1. When the browser hits a hit in the address bar, or hits the jump button, or moves forward or backward, or opens a new window, Expires or max-age is set to work. In other words, the browser determines when the request has expired and then decides whether to make a request.

2.F5 refreshes the browser, or uses the refresh button in the browser’s navigation bar, to override Expires, Max-age and force a request. Last-modified and Etag also work in this case.

3.CTRL+F5 is a mandatory request, all cached files are not used, all re-requests to download, so Expires, Max-age, last-Modified and Etag all expire.

But in fact, we rarely use the address bar enter, address bar jump, so to trigger the judgment of cache time, also need a specific operation, stand in my understanding, comprehensive consideration, just have so many sites cache-control set to no-cache, that is, before using the cache to determine whether the file is the latest, more reasonable.

6. Strong cache vs. negotiated cache (weak cache)

Understanding strong and negotiated caching is easy now that you know how different browser behaviors affect HTTP caching differently.

Strong caching: Use local caching without making HTTP requests, such as a return to the browser address bar or the refresh button of the browser.

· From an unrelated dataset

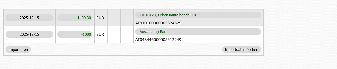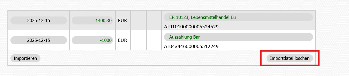 Ist die Datei fehlerhaft oder wurde eine falsche Datei hochgeladen, kann diese nochmal durch Klick auf "Importdatei löschen" gelöscht werden

Strong caching is triggered when Expires or max-age is enabled.

Negotiated cache (weak cache) : Before using the local cache, negotiate with the server to check whether the cache file is up to date. For example, if cache-control=no-cache is set, no matter what you do, the request will be issued. This type of cache is called negotiation cache.

7. Difference between Max-age and Expires

When I used Fiddler to catch packets, I found that many websites set max-age and Expires at the same time. Why set both?

1. Max-age is an http1.1 attribute. Expires is an HTTP1.0 attribute. However, in a 1.1 environment, Max-age takes precedence over Expires.

2. Max-age is a relative expiration time, and Expires is an absolute expiration time. After the browser successfully caches the file, max-age only needs to compare the length of time after the request is successful to stop making a request. However, Expires always requires the server to return an accurate DATE in GMT format, and it is relatively troublesome to determine whether the cache Expires based on this date. That’s why something like Max-Age exists to take its place.

Similarly, no-cache and Pragma also exist, one of which is 1.1 and one of which is 1.0, backwards compatible, both of which are written at the same time.

Well, that’s about it, and with that in mind, browsers and servers can live happily ever after.